The Secure ID Coalition says its mission is to promote the understanding and appropriate use of contactless (RFID-enabled) smart-card technology, while still maintaining user privacy.
By Beth Bacheldor
Aug 17, 2006Several providers of digital security solutions for identification documents have banded together to help educate all levels of government on the use of secure electronic identification technologies, including contactless (RFID-enabled) smart cards.

Announced on Wednesday at the National Conference of State Legislators (NCSL) in Memphis, Tenn., the Secure ID Coalition includes contactless smart-card makers Gemalto and Oberthur Card Systems, as well as chipmakers Infineon Technologies, Philips Semiconductors and Texas Instruments.

The organization will meet with state and federal legislators to share its principles of privacy, best practices and standards in securing identification-management programs. In doing so, it hopes to dispel some of the myths regarding RFID and contactless smart cards, and to ensure that government agencies are implementing the right technology with the appropriate security and privacy mechanisms in place to meet the agencies' individual needs.

"There is such a large amount of misinformation that we have to be genuinely concerned that people aren't going to take advantage of this technology, or drive legislation that would ban the technology altogether," says Tres Wiley, director of e-documents at Texas Instruments. "We also don't want to see implementation without the kinds of security necessary, which could then backfire."

Secure ID issued a statement saying it recognizes the importance of citizens' privacy rights, including "privacy of personal information as defined by all relevant regulations and laws" and "the right to know what data is contained in electronic ID documents, how that data will be collected, secured and transmitted, the presence of radio frequency (RF) technology in ID docs, and when, where and why an RF device is being read." The coalition also deems it vital that mechanisms be in place so "that ID documents have been appropriately secured against threats of fraudulent access to personal information."

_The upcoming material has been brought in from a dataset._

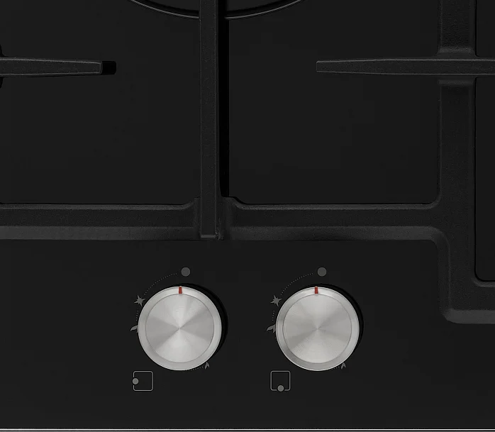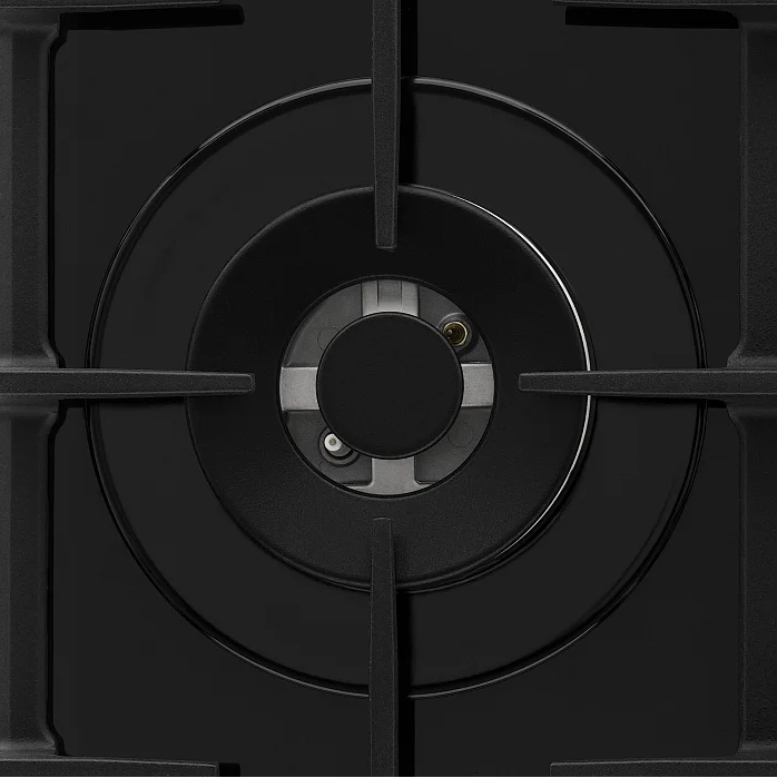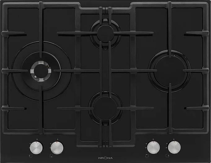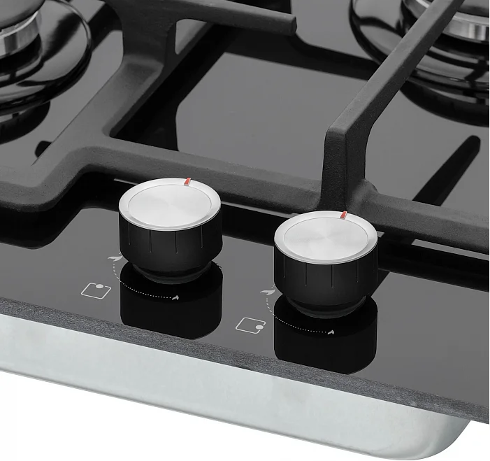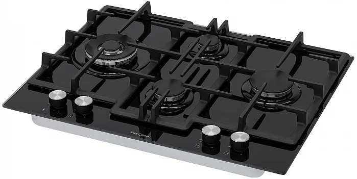 поверхность газовая, 67 см, газ на стекле, 4 конфорки, решетки чугунные, черный
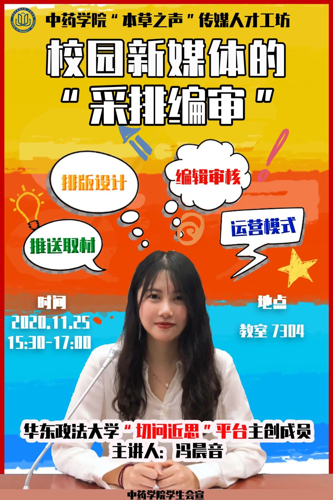 本期“本草之声”传媒人才工坊将由冯晨音小姐姐向大家讲授校园新媒体的运营模式,以及推送取材、排版设计、编辑审核几个方面的注意事项。想要在新媒体宣传有所提升的你,千万别错过哦!

The group's formation comes on the heels of the U.S. Department of State's announcement earlier this week that it has started issuing electronic passports (e-passports) to the public. An e-passport contains an RFID chip designed to help authenticate that the passport is genuine. Industry experts responded earlier this week to security concerns about e-passports, raised by Lukas Grunwald, a consultant with computer security firm DN-Systems. Grunwald demonstrated that by using an open-source software package called RFDump and an RFID interrogator (reader), he could duplicate the data from his RFID-enabled German passport onto an RFID access card. The experts say the cloning possibility poses little risk (see Industry Group Says E-Passport Clone Poses Little Risk).